Stored data
§
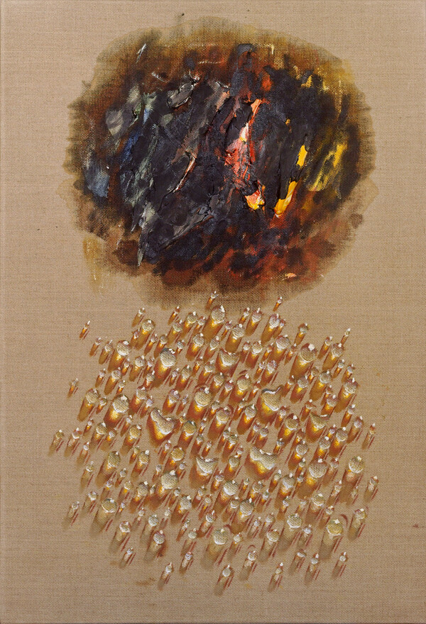 ๊น์ฐฝ์ด, ๋ฌผ๋ฐฉ์ธ, 1971, ์บ๋ฒ์ค์ ์ํฌ๋ฆด๋ฆญ ๋ฌผ๊ฐ, 50x50cm. ๊ฐ์ธ ์์ฅ. โ๊ตญ๋ฆฝํ๋๋ฏธ์ ๊ด
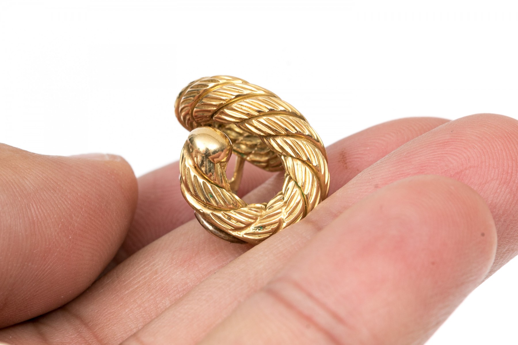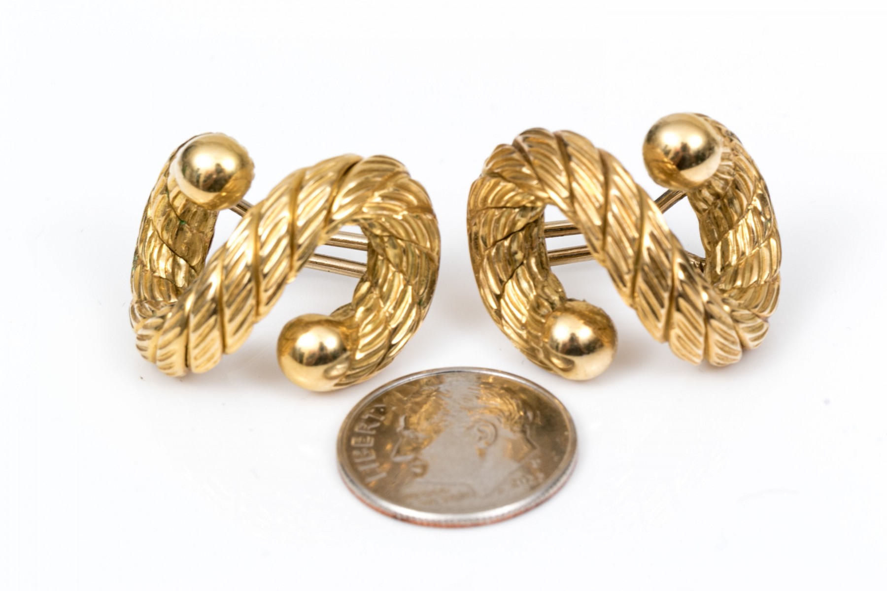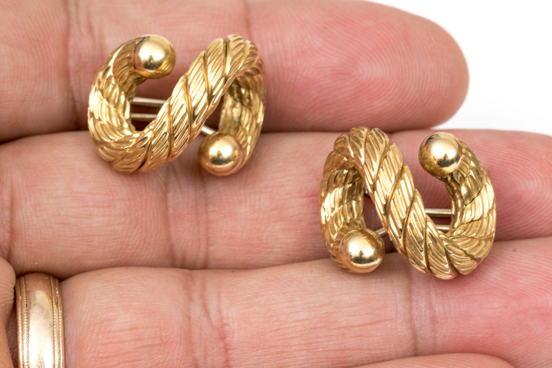 Opposing 18K yellow gold earrings. These earrings display a serpentine rope design with a textured finish. Clip style backings.
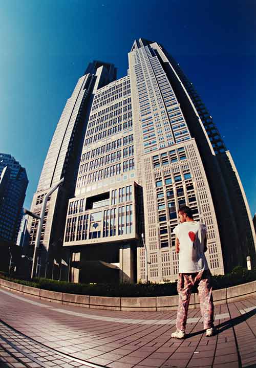 Mais 1997 est aussi l'année où je me lance dans les voyages, Sénégal en mars, pour une visite familiale, mais surtout Japon, en septembre octobre : comme un rêve qui semblait se concrétiser. Durant ce séjour de 6 semaines, je déambule essentiellement dans les ruelles de Tokyo, mais ferai le tour de Honshu, et mon passage par Hiroshima me changera à tout jamais. Noyé, au petit matin, au cœur même du parc de la Paix, mes pupilles s’immisceront vers le halo atomique, envoutées par la sonate monorythmique de l'horloge de la paix qui engendra pour toujours l'arrêt, prématuré et éternel, de mon horloge biologique : je ne vieillirai plus à partir de ce jeudi, condamné à rester jeune et fragile, à errer dans une candeur des plus déstabilisante. Je resterai donc jeune toute ma vie durant, jeune et innocent, jeune et fragile, jeune et puéril, jeune et irresponsable, jeune et pusillanime, jeune et stupide peut être, mais je resterai jeune toute ma vie, car à l'aube d'un jeudi 25 septembre 1997 (j'ai alors 23 ans), l'horloge de la Paix fissura de sa musicalité mon unique tympan fonctionnel et me fit prendre conscience de mon humanité, éternelle elle: Merci Hiroshima, merci HIROSHIMA. Mais le temps poursuit sa mouvance et je suis toujours au Japon, et, subjugué par la frénésie photographique, je mitraille sans compter, je pratique, expérimente, je m'autoportraitise aussi, et poursuit mon délire commencé au Sénégal, où je me mets en scène face à une entité incommensurable, dos à l'appareil, avec mon T-shirt possédant une pilule (amphétamine toujours) peinte sur le dos. Si au Sénégal, c'était face à un Baobab que je m'étais planté, à Tokyo, c'est face au Métropolitan de Kenzo Tange que je me poste (je remarque maintenant que je n'avais même pas mes petites lunettes rondes et noires sur le nez) ; et je me posterai face au Walace Monument en Écosse, face au site de Palanque au Mexique, face au Perito Moreno en Argentine, face à Iguazu au Brésil, face à La Paz en Bolivie.... mais je m'éloigne, bien expéditivement.
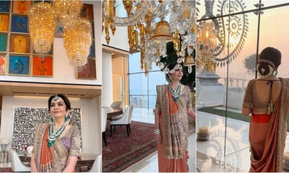 वीडियो में नीता अंबानी को पन्ना और हीरे के गहनों के साथ पारंपरिक नारंगी और सुनहरी साड़ी में इन हरे-भरे हिस्सों से गुजरते हुए देखा गया। हाई-टेक कांच के इंटीरियर से लेकर छतों की शांत हरियाली तक का यह बदलाव इमारत के दर्शन को दर्शाता है: दक्षिण मुंबई की शहरी अराजकता के बीच एक शांतिपूर्ण अभयारण्य।
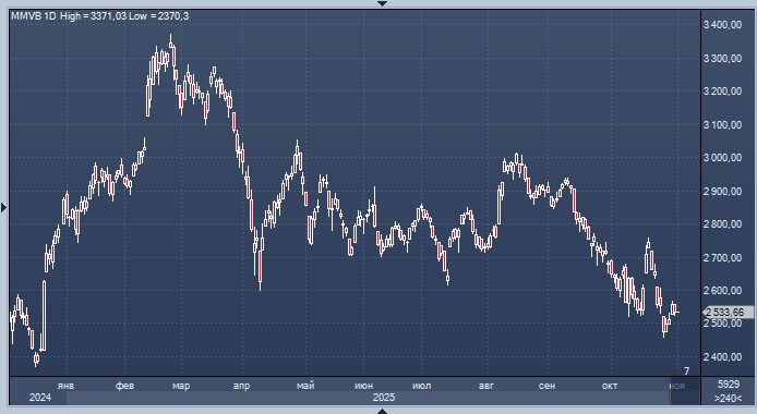 График индекса Мосбиржи интервалами в 1 день
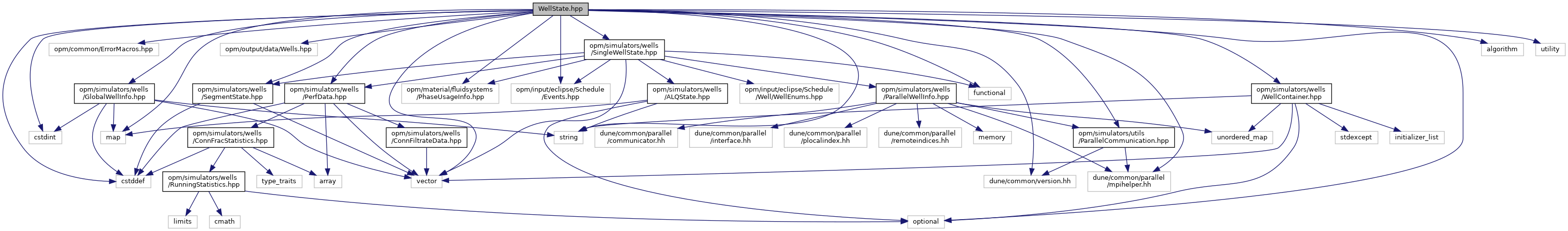 Include dependency graph for WellState.hpp:
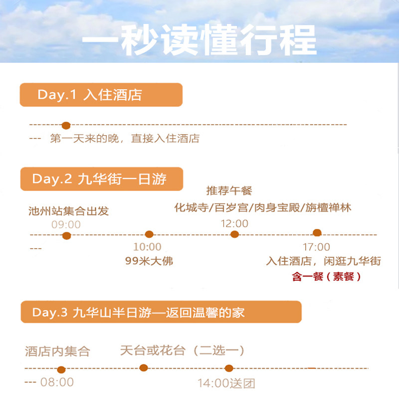本行程精准匹配差旅人群对时间效率与文化体验的双重需求。从池州出发,仅需短途接驳即可抵达九华山景区。三天两晚行程包含市区与山上各一晚住宿,兼顾工作联络便利性与景区深度游览。重点覆盖天台寺、化城寺等著名寺庙,结合索道观光节省体力,让商务旅客在紧凑日程中高效完成祈福、人文旅行与自然观景三大目标。
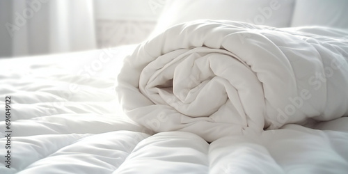 Obraz premium White folded duvet lying on white bed background. Preparing for winter season, household, domestic activities, hotel or home textile
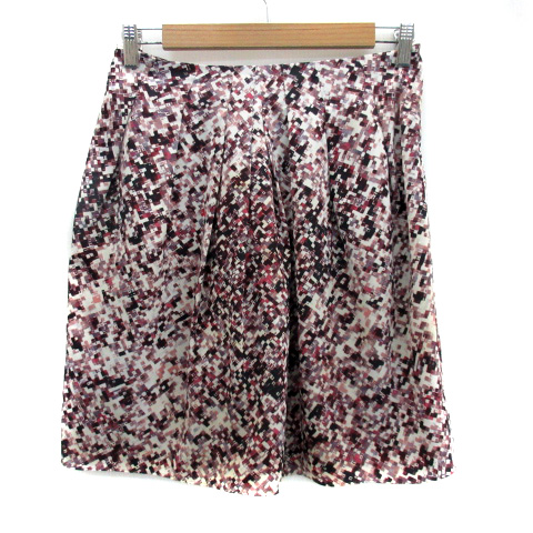 【中古】スピック&スパン ノーブル フレアスカート ギャザースカート ミニ丈 総柄 38 マルチカラー 紫 レディース
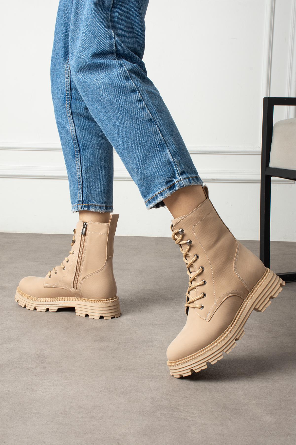 SHOETEK Olsima Kadın Bot Bağcıklı Fermuarlı Mat Nut Deri (Olsima)
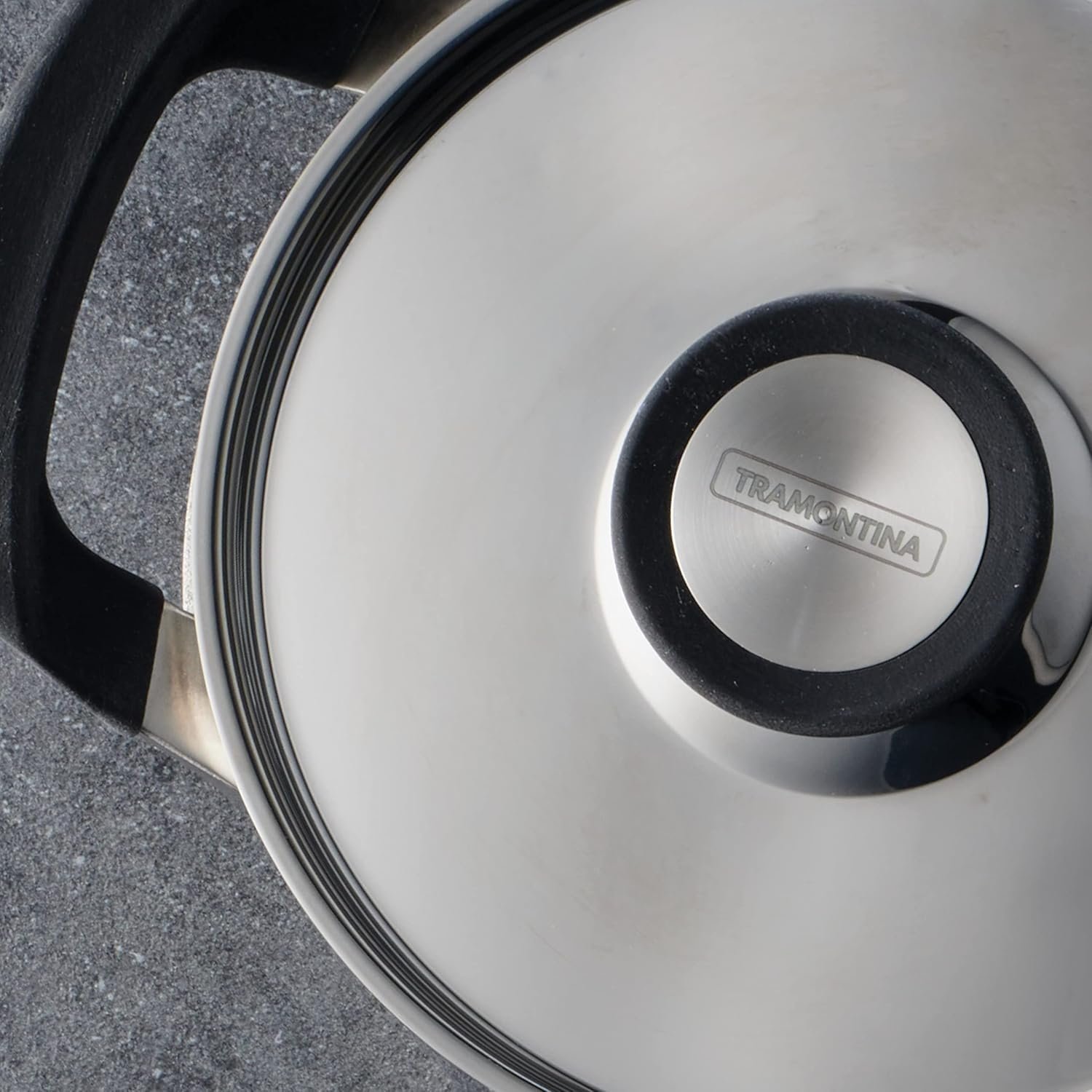 Las asas de acero inoxidable sólido, remachadas y ergonómicas, aseguran un agarre firme y cómodo, brindando seguridad durante el uso diario. Este equilibrio entre estética moderna y practicidad convierte a Tramontina en una opción confiable para quienes buscan comodidad, durabilidad y elegancia en su cocina.
§
What is needed: Would you print all of the entries exactly, omitting any image?

Answer to the exercise:
 ๊น์ฐฝ์ด, ๋ฌผ๋ฐฉ์ธ, 1971, ์บ๋ฒ์ค์ ์ํฌ๋ฆด๋ฆญ ๋ฌผ๊ฐ, 50x50cm. ๊ฐ์ธ ์์ฅ. โ๊ตญ๋ฆฝํ๋๋ฏธ์ ๊ด
 Opposing 18K yellow gold earrings. These earrings display a serpentine rope design with a textured finish. Clip style backings.
 Mais 1997 est aussi l'année où je me lance dans les voyages, Sénégal en mars, pour une visite familiale, mais surtout Japon, en septembre octobre : comme un rêve qui semblait se concrétiser. Durant ce séjour de 6 semaines, je déambule essentiellement dans les ruelles de Tokyo, mais ferai le tour de Honshu, et mon passage par Hiroshima me changera à tout jamais. Noyé, au petit matin, au cœur même du parc de la Paix, mes pupilles s’immisceront vers le halo atomique, envoutées par la sonate monorythmique de l'horloge de la paix qui engendra pour toujours l'arrêt, prématuré et éternel, de mon horloge biologique : je ne vieillirai plus à partir de ce jeudi, condamné à rester jeune et fragile, à errer dans une candeur des plus déstabilisante. Je resterai donc jeune toute ma vie durant, jeune et innocent, jeune et fragile, jeune et puéril, jeune et irresponsable, jeune et pusillanime, jeune et stupide peut être, mais je resterai jeune toute ma vie, car à l'aube d'un jeudi 25 septembre 1997 (j'ai alors 23 ans), l'horloge de la Paix fissura de sa musicalité mon unique tympan fonctionnel et me fit prendre conscience de mon humanité, éternelle elle: Merci Hiroshima, merci HIROSHIMA. Mais le temps poursuit sa mouvance et je suis toujours au Japon, et, subjugué par la frénésie photographique, je mitraille sans compter, je pratique, expérimente, je m'autoportraitise aussi, et poursuit mon délire commencé au Sénégal, où je me mets en scène face à une entité incommensurable, dos à l'appareil, avec mon T-shirt possédant une pilule (amphétamine toujours) peinte sur le dos. Si au Sénégal, c'était face à un Baobab que je m'étais planté, à Tokyo, c'est face au Métropolitan de Kenzo Tange que je me poste (je remarque maintenant que je n'avais même pas mes petites lunettes rondes et noires sur le nez) ; et je me posterai face au Walace Monument en Écosse, face au site de Palanque au Mexique, face au Perito Moreno en Argentine, face à Iguazu au Brésil, face à La Paz en Bolivie.... mais je m'éloigne, bien expéditivement.
 वीडियो में नीता अंबानी को पन्ना और हीरे के गहनों के साथ पारंपरिक नारंगी और सुनहरी साड़ी में इन हरे-भरे हिस्सों से गुजरते हुए देखा गया। हाई-टेक कांच के इंटीरियर से लेकर छतों की शांत हरियाली तक का यह बदलाव इमारत के दर्शन को दर्शाता है: दक्षिण मुंबई की शहरी अराजकता के बीच एक शांतिपूर्ण अभयारण्य।
 График индекса Мосбиржи интервалами в 1 день
 Include dependency graph for WellState.hpp:
本行程精准匹配差旅人群对时间效率与文化体验的双重需求。从池州出发,仅需短途接驳即可抵达九华山景区。三天两晚行程包含市区与山上各一晚住宿,兼顾工作联络便利性与景区深度游览。重点覆盖天台寺、化城寺等著名寺庙,结合索道观光节省体力,让商务旅客在紧凑日程中高效完成祈福、人文旅行与自然观景三大目标。
 Obraz premium White folded duvet lying on white bed background. Preparing for winter season, household, domestic activities, hotel or home textile
 【中古】スピック&スパン ノーブル フレアスカート ギャザースカート ミニ丈 総柄 38 マルチカラー 紫 レディース
 SHOETEK Olsima Kadın Bot Bağcıklı Fermuarlı Mat Nut Deri (Olsima)
 Las asas de acero inoxidable sólido, remachadas y ergonómicas, aseguran un agarre firme y cómodo, brindando seguridad durante el uso diario. Este equilibrio entre estética moderna y practicidad convierte a Tramontina en una opción confiable para quienes buscan comodidad, durabilidad y elegancia en su cocina.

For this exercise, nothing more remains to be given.